What this task involves → Exact copy, no pictures: take the lines of the listing below from the first through the one containing "Under december månad".

Source material →
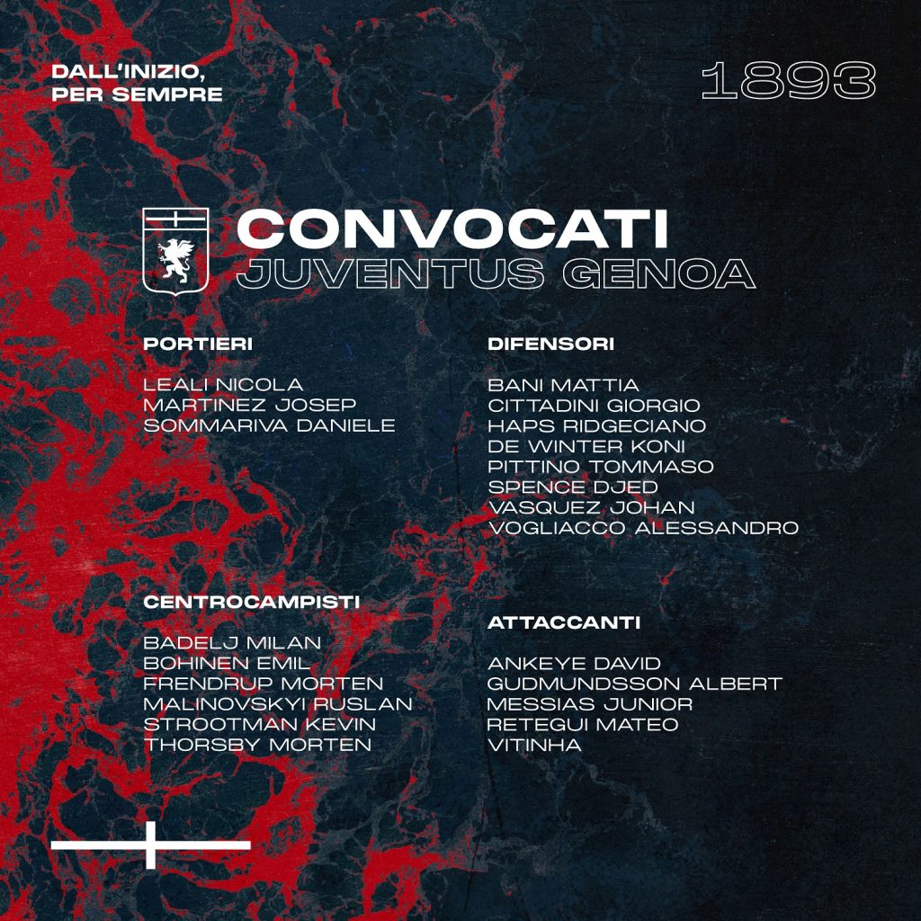 NewsDopo la rifinitura e l’incontro con i supporter al centro sportivo, lo staff tecnico ha reso noti i convocati per il lunch-match allo Stadium. In tribuna saranno presenti tutti gli stati maggiori del Genoa.
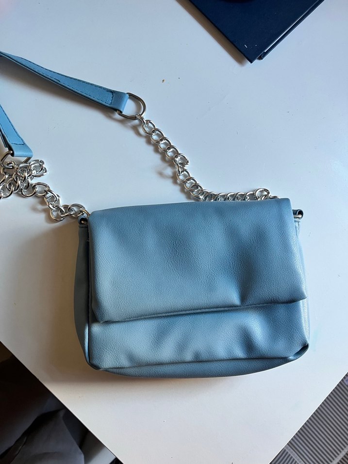 Pastel mavi deri kadın çanta, zincir detaylı askıya sahip. Desensiz ve sade tasarımıyla günlük sokak stiline uygun.
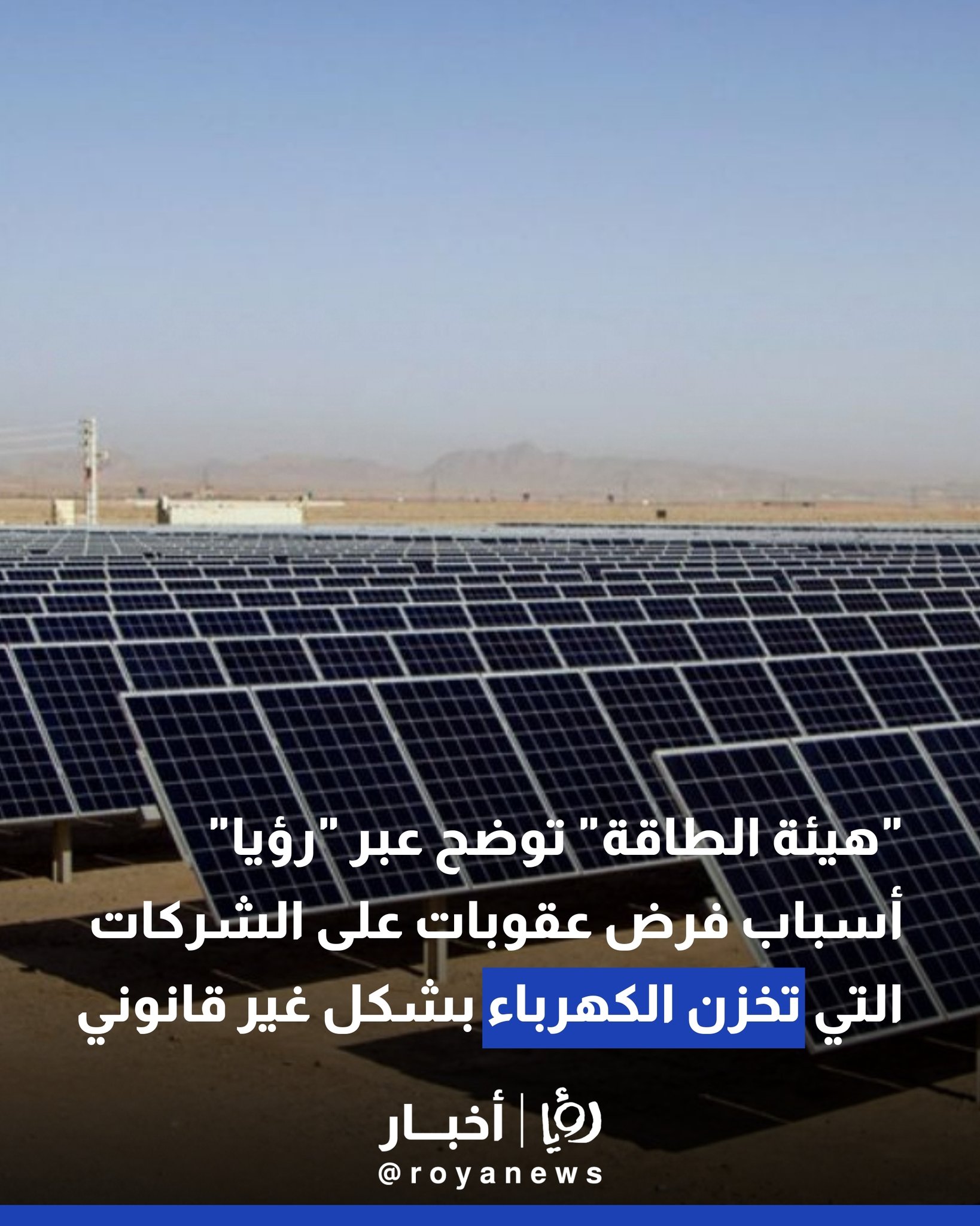 حذّر رئيس هيئة تنظيم قطاع الطاقة والمعادن، المهندس زياد السعايدة، من مخاطر تخزين الكهرباء بصورة غير مشروعة من قبل بعض شركات توليد الطاقة من خلال الألواح الشمسية، مؤكداً أن هذا السلوك يعد مخالفة صريحة لقانون الكهرباء، ويعرض مرتكبيه لغرامات مالية لا تقل عن 100 ألف دينار ولا تزيد عن 200 ألف دينار، أو الحبس لمدة تتراوح بين سنة وثلاث سنوات.
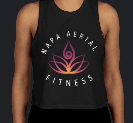 Logo Tank Top - black with white lettering and pink/orange lotus flower. Available in small, medium, large
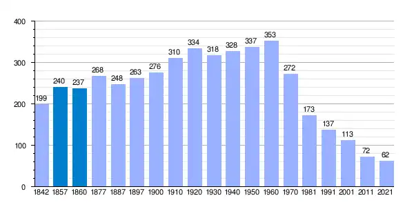 | Gráfica de evolución demográfica de Santa María del Val[2] entre 1842 y 2021 |
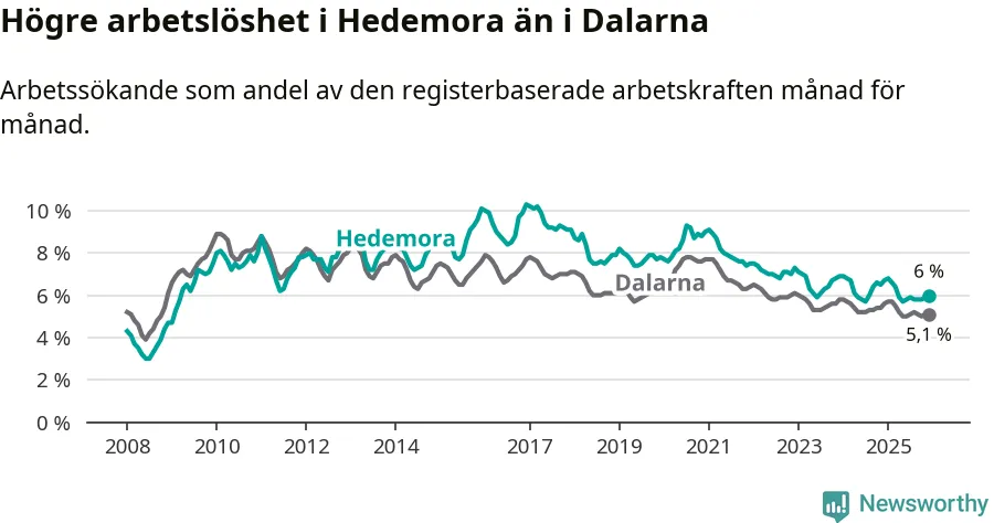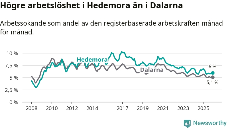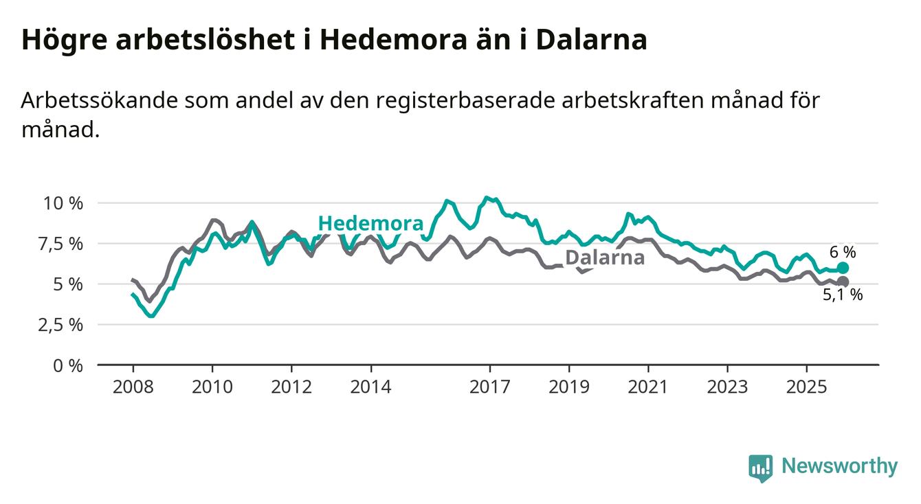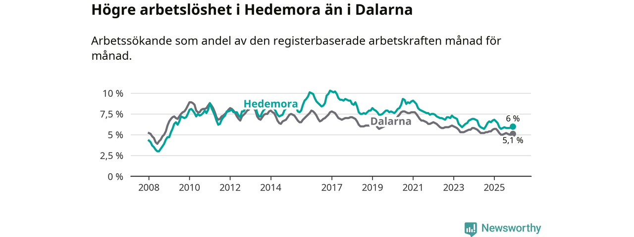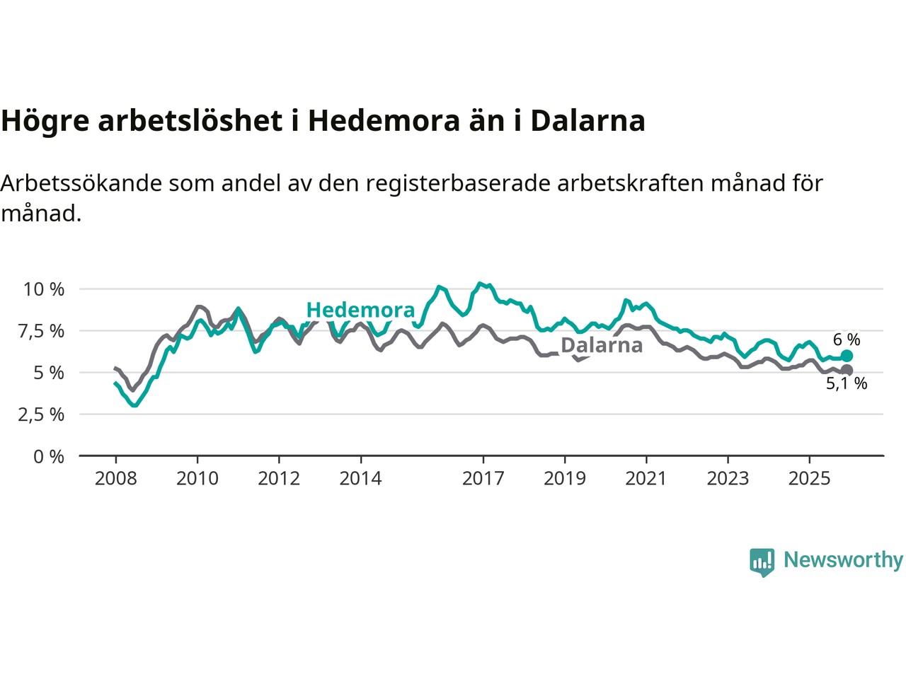 Under december månad rapporterade Hedemora kommun en total arbetslöshet på 6,0 procent. Det är en minskning jämfört med samma tidpunkt i fjol (−0,7 procentenheter). Även i Dalarnas län sjunker arbetslösheten .
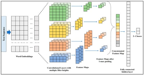 The adopted CNN architecture is shown in Figure 5. This architecture is inspired by the work described in []. In our case, the embedding layer serves as an input to the model. As explained in [], classification quality can be affected by the filter size configuration. Four filter sizes, 2, 3, 4, and 5, were used, which allowed us to focus on smaller and larger sections of the news text. After filtering, a max-pooling layer was applied with a dropout probability of 0.2. The maximum values obtained from each convolutional layer were concatenated to obtain a single vector. This single vector was then processed using a fully connected layer of size 30 and dropout probability of 0.2. The dropout layers help achieve better convergence and avoid overfitting.
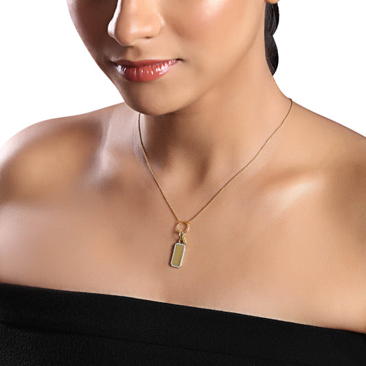 Solid Gold 0.14ct Natural Diamond Double Tag Bar Ring Locket Necklace

Answer section →
 NewsDopo la rifinitura e l’incontro con i supporter al centro sportivo, lo staff tecnico ha reso noti i convocati per il lunch-match allo Stadium. In tribuna saranno presenti tutti gli stati maggiori del Genoa.
 Pastel mavi deri kadın çanta, zincir detaylı askıya sahip. Desensiz ve sade tasarımıyla günlük sokak stiline uygun.
 حذّر رئيس هيئة تنظيم قطاع الطاقة والمعادن، المهندس زياد السعايدة، من مخاطر تخزين الكهرباء بصورة غير مشروعة من قبل بعض شركات توليد الطاقة من خلال الألواح الشمسية، مؤكداً أن هذا السلوك يعد مخالفة صريحة لقانون الكهرباء، ويعرض مرتكبيه لغرامات مالية لا تقل عن 100 ألف دينار ولا تزيد عن 200 ألف دينار، أو الحبس لمدة تتراوح بين سنة وثلاث سنوات.
 Logo Tank Top - black with white lettering and pink/orange lotus flower. Available in small, medium, large
 | Gráfica de evolución demográfica de Santa María del Val[2] entre 1842 y 2021 |
 Under december månad rapporterade Hedemora kommun en total arbetslöshet på 6,0 procent. Det är en minskning jämfört med samma tidpunkt i fjol (−0,7 procentenheter). Även i Dalarnas län sjunker arbetslösheten .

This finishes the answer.